On Fri, 10 Sep 1999 CurtAdams@aol.com wrote:
>
But are there any barriers to *enabling* them? I believe that there
was a recent announcement that scientists had discovered a collection
of 3-4 genes that in *adult* mice allowed wound healing to take on
the characteristics of "normal development" rather than "scar tissue".
If it doesn't involve dozens of genes, we already have the tools
(though they are somewhat unrefined) to turn them on or off.

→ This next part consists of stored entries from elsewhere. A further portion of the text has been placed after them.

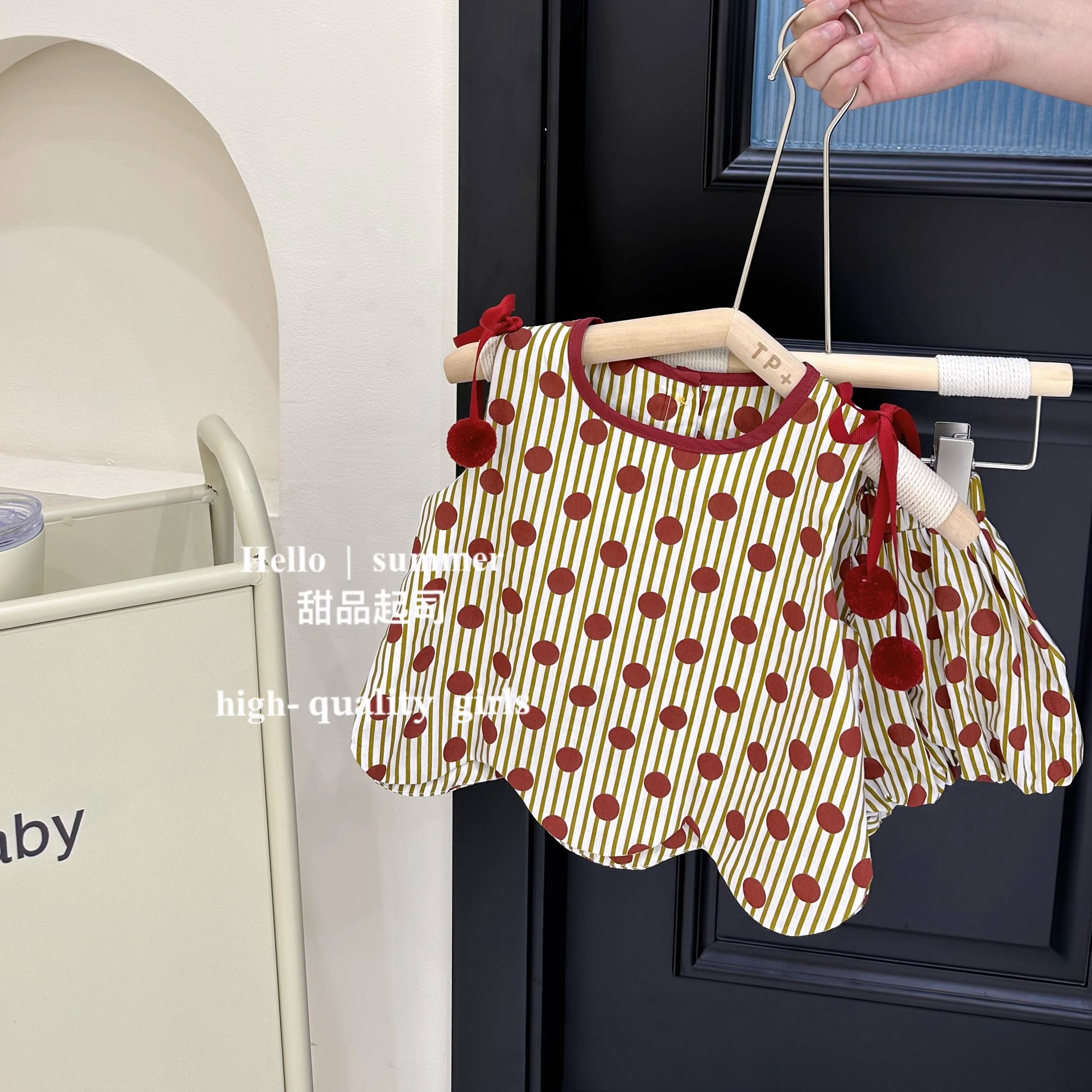 여아 세트 여름 2023 새로운 한국 스타일 아동복 아기 소녀의 서양 스타일 어린이 웨이브 도트 조끼 반바지 투피스 세트스토어 가기
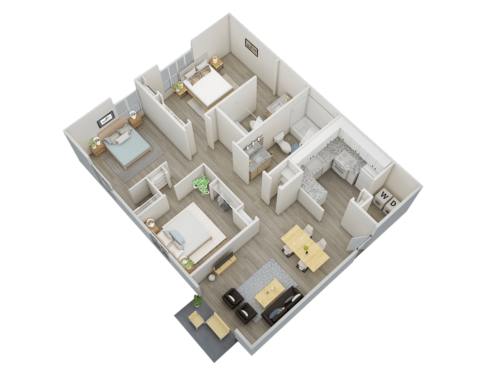 3 Beds, 2 Baths, 889 sq ftModel Gallery
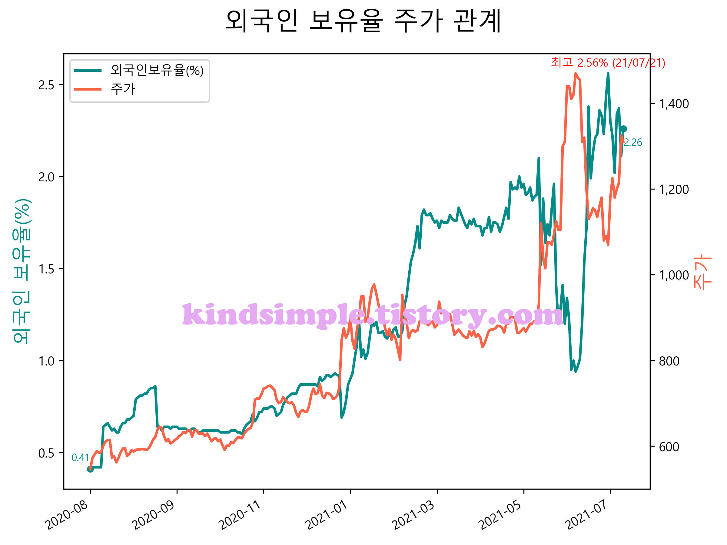 최근 1년간 외국인 보유율 및 주가와의 관계입니다.
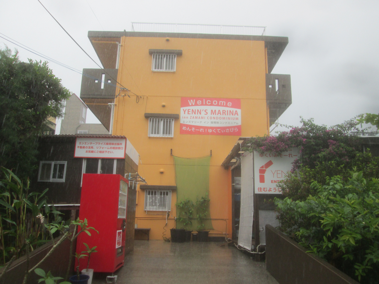 エンズ マリーナ イン 座間味 コンドミニアムのチェックインは15時で、12時過ぎにホテルに到着すると、部屋が利用可能だということで、アーリーチェックインができました。外観は3階建ての団地のようで部屋は1LDKの間取りのようでした。
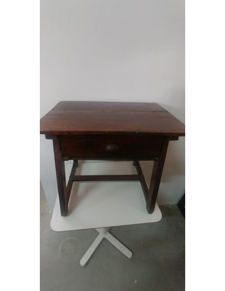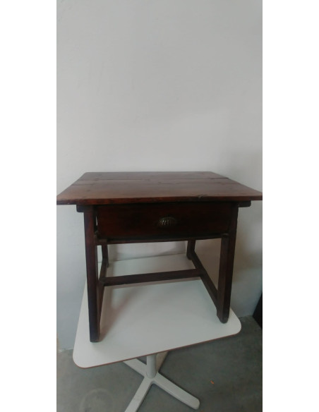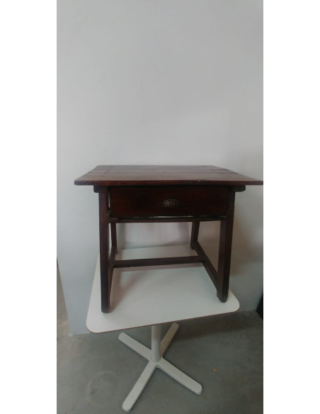 MESA TOCINERA BAJA DE MADERA, MARRON OSCURA CON UN CAJON
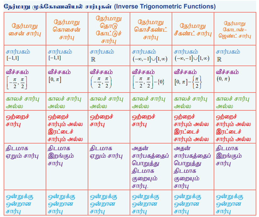 நேர்மாறு முக்கோணவியல் சார்புகளின் பண்புகள் (Properties of Inverse Trigonometric Functions)
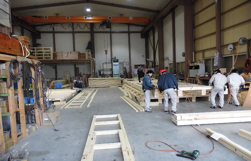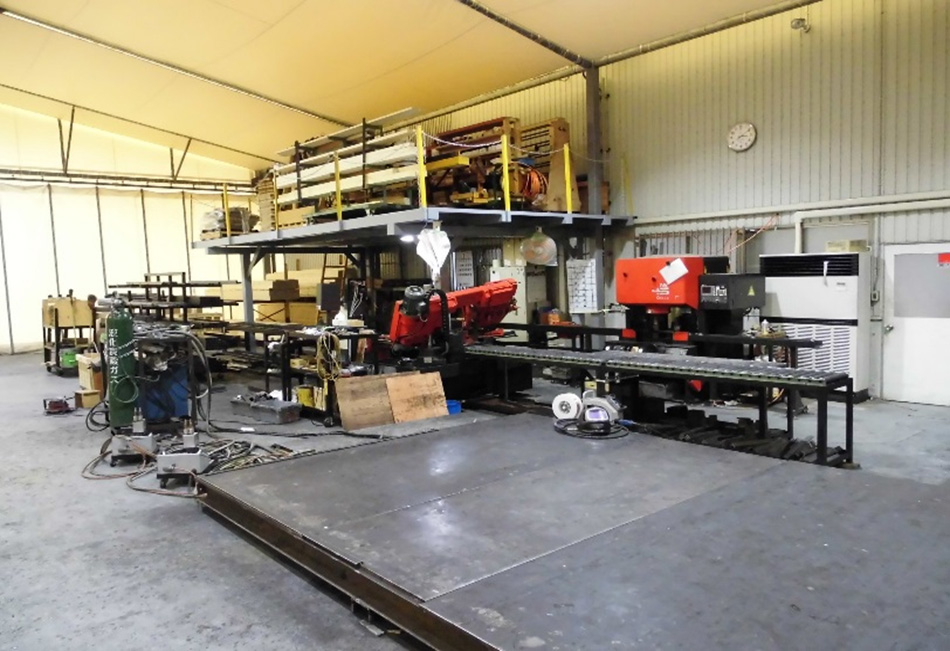 大型重量精密工作機械の梱包箱作製に当たり、安全第一・作業効率向上 の為、作業環境の改善に努めております。 ・5トン クレーン2基設置 ・防音対策済工場 ・冷暖房設備設置 ・LED照明 ★ 本社工場 全景 ★木製箱製作工場 ★スチール箱製作工場

> Well, yes, but developmental genes are off in adults. The developmental
> tweaks we're getting good at are ineffective in adults and unsafe for
> children.
I would never promote doing anything in children, except perhaps the correction of a legitimate "defect". But in adults, if I say I want a third arm, what right does the medical community or the government, have to deny me that, *EVEN* if the success rate is only 10%.
>
> For spare parts we need in vitro organs plus reactivation of neural
> development.
> We still can't do that in any system, never mind routinely.
> We can grow things like ears but a hand is well over a decade off.
I suspect we will be able to "grow" them, however the really difficult part will be connecting communication lines (nerves) in functional ways. That is likely to remain difficult. However, the insertion of a neural-net mapping chip that is both "programmable" and has a much higher training rate than normal neurons seems a reasonable solution to this problem. So if we can grow them (in less than a decade), I think technologies from foreign disciplines will solve the functional augmentation difficulties.